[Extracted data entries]
+ + + + +

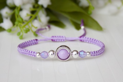 Brățară macramé împletită - Mărgele Violet deschis/argintiu
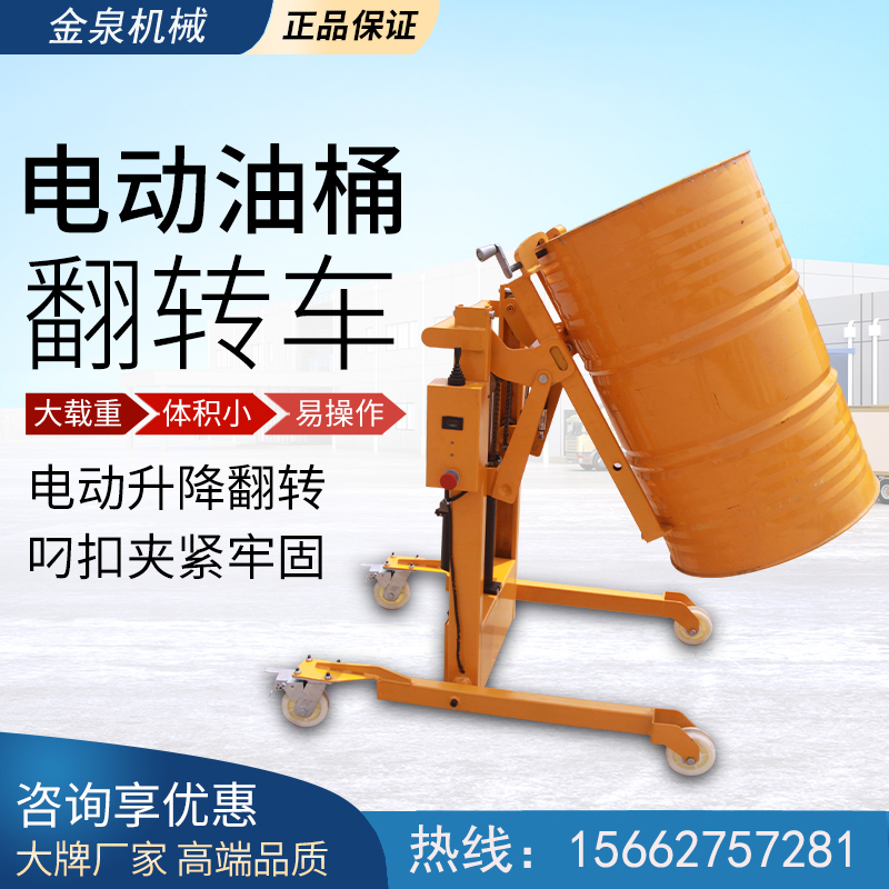 本車有電動(dòng)升降,電動(dòng)翻轉(zhuǎn)裝置,輕松實(shí)現(xiàn)油桶翻轉(zhuǎn)
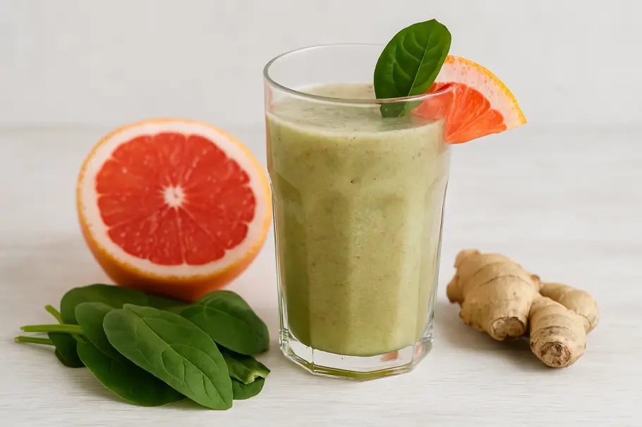 Освежающий низкокалорийный смузи с грейпфрутом и имбирем для тех, кто стремится к похудению и здоровому питанию. Напиток богат витаминами, ускоряет метаболизм и поддерживает детокс. Простой рецепт правильного питания для энергии и легкости!
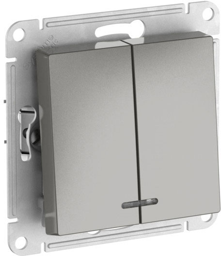 Выключатель (безвинтовые клеммы) Atlas Design Antique, AtlasDesign Air, Atlas Design, двухклавишный, с подсветкой, цвет - сталь
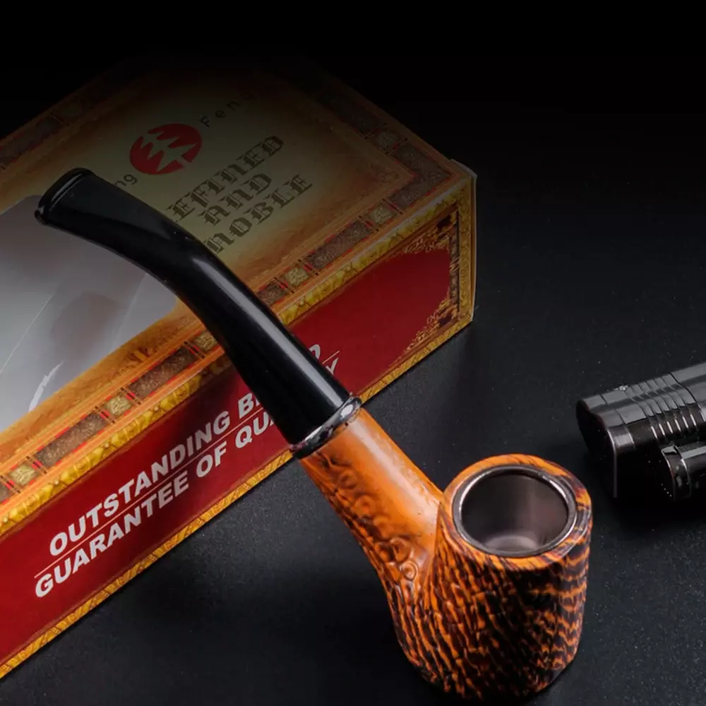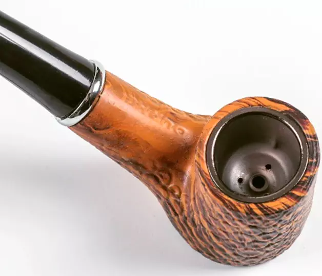 Курительная трубка в классическом стиле с оригинальной фактурой поверхности. Чаша выполнена в коричнево-рыжем оттенке с рельефным узором, устойчивым к высоким температурам. Внутри — металлическая вставка камеры для удобства и долговечности. Изогнутый глянцевый мундштук из пластика обеспечивает комфортное использование.

+ + + + +

▸ **Exercise**
In the records above, find the line that contains "Выключатель (безвинтовые клеммы)". Print it and every later line exactly, omitting the pictures.

▸ **Result for this task**
 Выключатель (безвинтовые клеммы) Atlas Design Antique, AtlasDesign Air, Atlas Design, двухклавишный, с подсветкой, цвет - сталь
 Курительная трубка в классическом стиле с оригинальной фактурой поверхности. Чаша выполнена в коричнево-рыжем оттенке с рельефным узором, устойчивым к высоким температурам. Внутри — металлическая вставка камеры для удобства и долговечности. Изогнутый глянцевый мундштук из пластика обеспечивает комфортное использование.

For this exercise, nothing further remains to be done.